1945年の8月に広島と長崎に相次いで投下された原子爆弾は、被爆者映画というジャンルを誕生させると同時に、被爆者映画の製作を妨げるような冷戦体制の確立にも拍車を掛けた。終戦と共に日本はアメリカの占領下に入り、原爆に関する報道はGHQのプレス・コードによって厳しい検閲を受けることになった。原爆による被害の生々しい描写は、「反米的」とみなされたのである(福間 202-03)。占領が終了した後も、日本はアメリカとの同盟関係を維持したが、このことも関係して、戦後日本における「反戦平和」運動の権威と影響力を握っていた日本共産党は徐々に地下活動へと追い込まれていった。無論、共産党がそのような権威と影響力を持ち得たのは、戦争中も非転向を貫き軍国主義に対抗したという歴史的イメージを巧みに利用し、自らが唯一の正しい平和勢力であることを繰り返し主張したからである(道場 263)。共産党の公的な訴えに応えるかのように、大半の被爆者映画もまた、広島や長崎の悲劇を2度と繰り返してはならないと説き、それを実現するには核開発の断絶が必要だと主張するのであった。ところが、戦後の日本において共産党は激しいバッシングに合い、公の政治舞台からはパージされる。これに伴い、反戦平和を訴えるという行為もまた急進的で好ましくないイメージを持つようになった。原爆の投下という出来事を直接的に扱う映画を作ると、その製作者は共産主義者だと見なされ、作品自体も共産党のプロパガンダ政策の産物に過ぎないという厳しい評価を受けたのである。そのため、大手映画会社は、自ら進んで被爆者映画を製作・配給しようとはしてこなかった。実際、日本における被爆者映画の殆どは独立プロで製作されている(リチー 37)。占領期が終了した直後に作られ、被爆者映画の原点となった2つの作品、新藤兼人の『原爆の子』(1952)と関川秀雄の『ひろしま』(1953)もやはり、独立プロの力で製作されている。[3]ちなみに、この作品は2つとも、岩波書店の長田新編『原爆の子』(1951)を原作としているが、原爆表象に対するアプローチはまるで異なっている。新藤兼人は原爆が投下されてから7年が経った広島を叙情的に描いているのに対して、関根秀雄は原爆が投下された「その時」の悲惨さを出来るだけリアリスティックに再現することに重きを置いている。このように、被爆者映画というジャンルはその確立当時から原爆を避けられなかった災いとして「静かに」受け止めるのか、それとも激しい政治批判の対象として描くのかで製作者の意見が別れていたことが明らかである。後に見ていくが、亀井の『生きていてよかった』には上記の2作品で展開されるような対立する態度があい交じっていると言えよう。

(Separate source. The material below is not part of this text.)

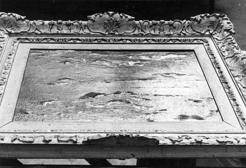 Le cadre, bois sculpté et doré, est du 18e siècle.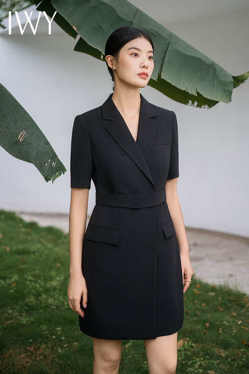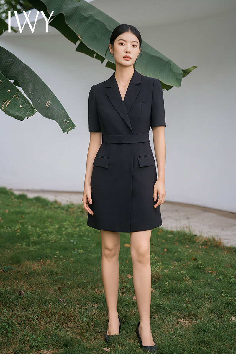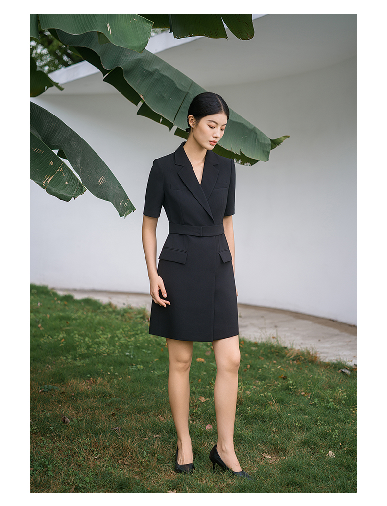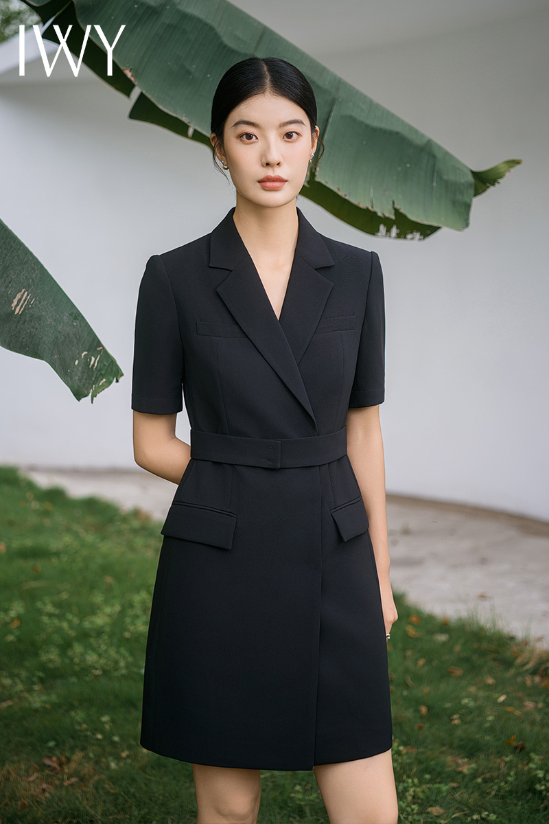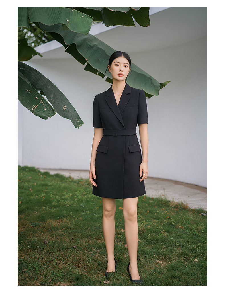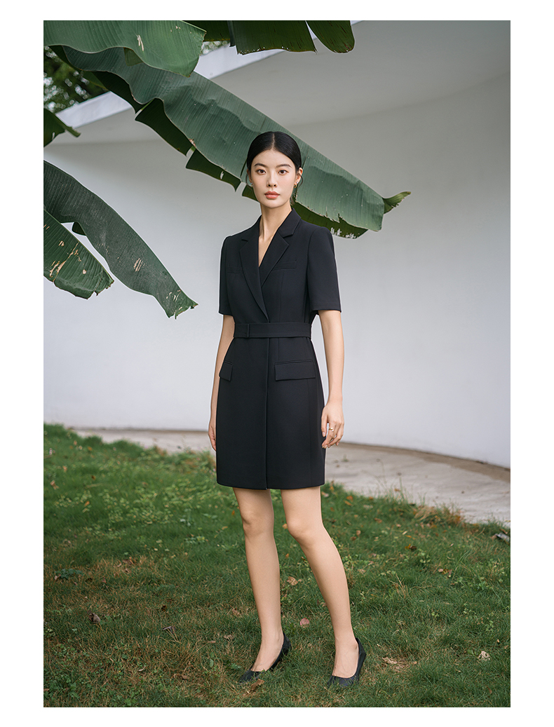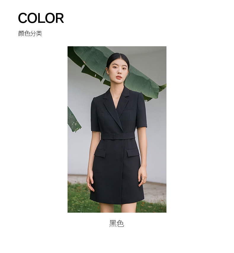 IWY/新款夏季时尚优雅黑色短袖连衣裙薄款酒店接待职业装名媛正Q14238黑色

 『ひろしま』や『原爆の子』と同じように、本稿の分析対象である『生きていてよかった』もやはり、日本ドキュメントフィルムという独立プロで製作されている。日本ドキュメントフィルムは、ドキュメンタリー映画や教育映画、企業のPR映画など、あらゆる記録映画の専門製作会社として、1955年に亀井文夫によって設立された。その頃、亀井は既に、戦時中の投獄と監督免許の剥奪、GHQによるフィルムの上映禁止処分と東宝争議への参加、東宝からのパージなどを経験しており、反戦平和を訴える映画人闘争者としての地位を確立していた。『上海 ― 支那事変後方記録』(1938)や『戦う兵隊』(1939)、『小林一茶』(1941)などといったドキュメンタリー作品は、映画評論家にも高く評価され、亀井は日本ドキュメンタリー界の第一人者として広く認識されていた。また、『生きていてよかった』の一般公開に先立って、亀井は東京都北多摩郡の基地闘争を記録するドキュメンタリー作品『砂川の人々』(1955)と『麦死なず』(1956)をも発表しており、映画界における社会運動の代弁者という自らの立場を一層明確なものにしていたのである。1955年の8月に広島で開かれた第一回原水爆禁止世界大会で、それまでの反戦平和・反核運動では余り注目されることのなかった「被爆者の救援」というテーマが掲げられ、被爆者についての記録映画が作られる方針が固まったときに、真っ先に声をかけられた映画監督が亀井文夫だったということは、先述した亀井の社会的評判からしても、決して不思議なことではない。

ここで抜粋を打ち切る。